Sunday, May 1, 2011

STI Hedge Fund April Results.

April was a sub par month for performance due to the fund having less positions available for trading. May will present about 35% more positions for trading and should improve results. This situation is to be expected and are nothing more than the normal flow of hedge fund trading. May I would expect will bring the year to date results up significantly. We traded 17 positions this month and will likely trade 23 to 25 in May.
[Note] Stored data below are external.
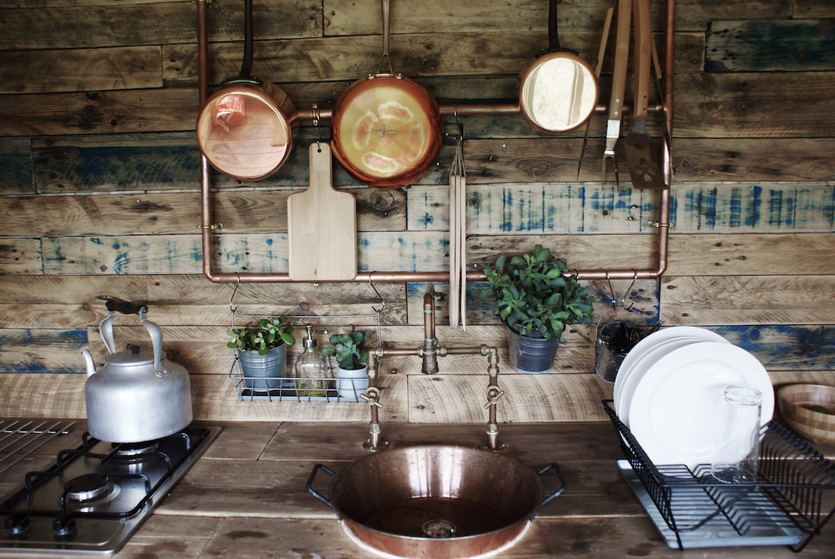 Alójate en una hermosa cabaña de pastor hecha a mano con bañera de hidromasaje de leña, con vistas a las ondulantes colinas de Devon que rodean el estuario de Salcombe. Esta cabaña ha sido elaborada con cariño a partir de materiales recuperados de la granja en funcionamiento, en medio de una zona de excepcional belleza natural. Disfruta de acogedoras noches bajo cielos estrellados calentándote junto al fuego o en nuestro jacuzzi de leña, y ¡Pasa tus días remando por el hermoso estuario con kayaks que puedes alquilar con nosotros!
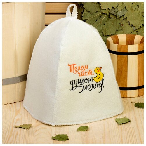 Шапка для бани с вышивкой "Телом чист, душою молод", первый сорт
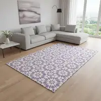 Navy Blue And Ivory Geometric Washable Area Rug With UV Protection
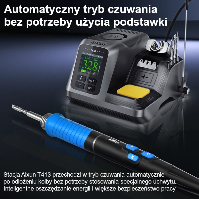 - Kompatybilność ze stacjami lutowniczymi: AiXun T400, T413 (z adapterem)
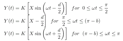 如图所示,我们有真实的特征曲线。如果X小于死区Δ,则继电器不产生输出;的第一个谐波分量傅里叶系列当然是零,描述函数也是零。如果X > Δ继电器产生输出。

Results for April were 12.7% annualized. Still an excellent gain for most, but below the about 15% for this year and below the expected 18% plus for the hedge fund. These numbers include adjusted expenses and losses for the month. One loss taken during the month, RGC was sold at a loss. However the loss from RGC as noted in my first quarter report was due to a trade made in December 2010 to gain a large special dividend. The loss was more than offset from the dividend. That is how trading works sometime. The loss cost us about 3% for the month.

Looking forward to the next two months performance should improve as noted above. Due to the upcoming ending of QE2 I will likely limit expirations to June as we move forward to limit exposure to possible losses until the Federal Reserve monetary situation is more in focus. As noted earlier I will be dropping NYB and FTR from trading as soon as possible. I now also have concerned about HCN due to the upward movement in the security and making the risk there abovet $55 of concern. HCN might be dropped as well shortly. I added LLY and PBI to the fund trading earlier, but now have concerns with PBI as well, despite the low PE. PBI reported less than desirable results last week.
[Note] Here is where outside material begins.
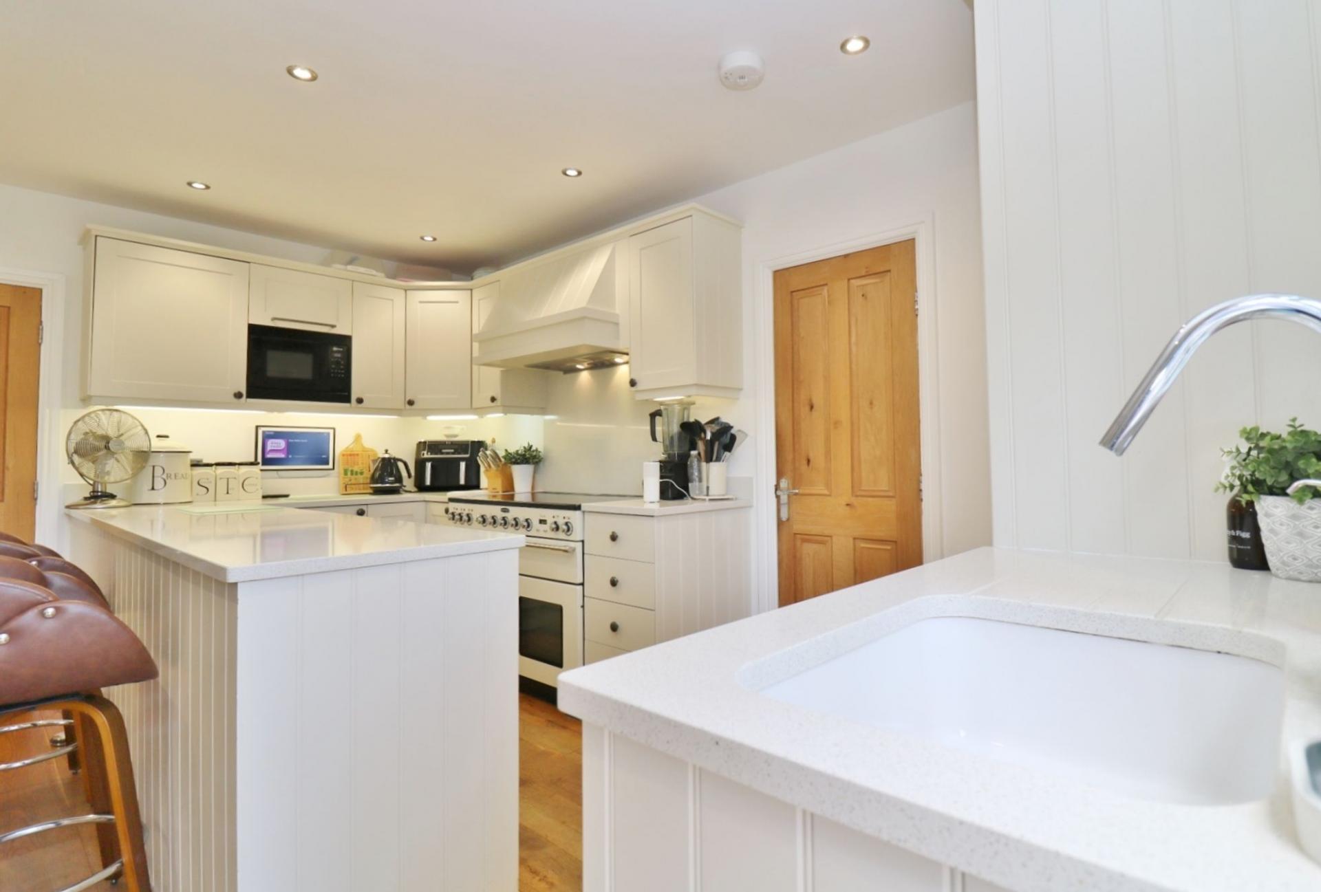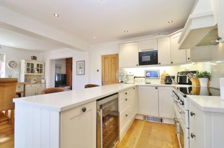 The dining room is open plan to the beautiful kitchen which has been fitted with a modern range of shaker style wall and base units with Corian worktops and a space for a Range Master cooker (not included) with extractor hood over. There is a window and door to the rear and integrated appliances including a fridge, slimline dishwasher and a microwave.

There still are excellent trading opportunities in ARCC, AEP, BCE, CTL, RAI, JNK, PFF, O. and others in the portfolio. The normal narrowing of trading securities is normal in a market that has moved upward significantly. SO and LO remain solid performers despite their higher valuations. Oil related securities ERF, DO, and SRDL, remain three of the best investment producers due to the continued restrictive political decisions by the Obama administration that limits oil production. However these actions despite being bad for consumers offer excellent opportunities for investment gains as noted in previous postings.

I remain cautiously optimistic, but know the ending of QE2 is a hurdle to cross. Once this policy is better known the volatility that could result might make the second half of the year most promising.